The Zaandam migrant detention center is one of the three of the kinds in the Netherlands. It is situated on an industrial dock and the cells themselves are located in carceral barges anchored to it. In June 2008, Amnesty International published a report (the cover page is a photo of the Zaandam prison) about the criminalization and incarceration of persons in irregular visa situation in the country. The first paragraph of the report states the following: “Each year some 20,000 irregular migrants and asylum-seekers are detained in the Netherlands, where the use and duration of detention and other restrictive administrative measures is increasing. This report examines how far these measures have led to a deterioration in the human rights situation of irregular migrants and asylum-seekers. It also underlines Amnesty International’s growing concern over the control and security oriented approach by governments worldwide, in an effort to “combat” irregular migration, at the cost of migrants’ human rights” (Amnesty International, “The Netherlands: The Detention of Irregular Migrants and Asylum-Seekers,” 2008.). It is crucial to associate these concerns with the design of the domes examined here, since they fully contribute to the exercise of violence denounced by the report — the counter argument presented by the designer that the domes act as “an inverted panopticon” combines the odd architect obsession for Bentham’s carceral scheme and the eloquence of illusive ideas. Although the domes have been dismantled (perhaps moved to another location), they fully take their place in the inventory of the various inventive efforts provided by designers and architects in the enforcement of the walls of Fortress Schengen (see past articles about Calais and the Slovenian/Croatian border for instance) whether these walls are built on the borders themselves, or internally in the forms of heavily monitored refugee camps and detention centers.

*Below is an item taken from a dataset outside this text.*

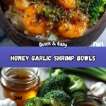 This Honey Garlic Shrimp Bowls recipe features succulent shrimp coated in a sweet and savory honey garlic sauce served over a bed of fluffy white rice or quinoa, accompanied by vibrant steamed or sautéed broccoli and fresh green onions. It’s a quick and easy meal perfect for busy weeknights that delivers delicious flavors and a balanced plate.

In the videos presented here, as well as in articles written about this project, both the designer and journalists use the term of “illegal immigrants” without ever questioning the outrageous idea that a person could possibly be defined as “illegal,” and to be imprisoned for their administrative situation. The idea of improving the conditions of life of imprisoned bodies, usually argued by reformists of carceral environments (often in a non-substantiated manner), is barely mentioned here, which might indicate the actual indifference of the designer regarding the political program of his project and the vision of society it embodies. What might easily appear shocking in a situation where architecture deploys its full carceral violence, should also appear to us as such in other programs however: condominium buildings in gentrifying areas, police stations in neighborhoods antagonized by the police, gated communities, etc.
Moreover, the designer’s discourse in both videos adopts the exact same tone and share many arguments with design and architectural projects traditionally presented in various specialized media. “Modular,” “light,” “patterns,” “a signal at night,” etc. described here are recurrent notions an audience might recurrently hear in the 3 minute speeches that popular architects have became masters to deliver. The description of the influence for perforation patterns often take orientalist accents, but in this case, the designer go even as far as comparing his patterns to “tricks used in numerous religions” to trigger “a kind of ecstasy.”
Using someone’s speech against himself is however easy and it is not the point to judge this designer as an individual here. Beyond the complicity that designers accept regarding the political program that their projects serve (sometimes to the point of reaching the “concerns’ of an organization like Amnesty International), there needs to be an understanding of what is appealing (even unconsciously) to architects for them to work on such a program. Architecture is fundamentally a discipline that consists in anticipating the spatial organization of bodies in a given context. It is important for them that this anticipation proves right since their projects are conceived to optimally fulfill their intended function if it does. The degree with which it make sure that this anticipation proves right varies, but no other environments than the carceral ones are reaching the quasi-certitude of this prediction — the corridor is another one as written in another essay. There is therefore a certain bliss for designers to know that their creation will be experienced the exact same way than they intended it to be, whatever the intention may have been — malevolent, benevolent, it is irrelevant here. The domes examined in this article enclosed a small football field (whose lines are visibly disturbed by the ‘ecstatic’ light pattern on the floor described above); the carceral characteristics of this small building thus insure that its function is not subverted into something else than what it was intended to be. “The Designer and The Prison” is thus a love story, since no program than the prison fulfills better the inherent quality of architecture. A resistance to such a passionate relation is to be envisioned. In my opinion it can only consist in either a complete refusal to use the design instrument to embody certain programs, or the counter-intuitive (and therefore requiring intense reflection) use of design against its own intrinsic logic.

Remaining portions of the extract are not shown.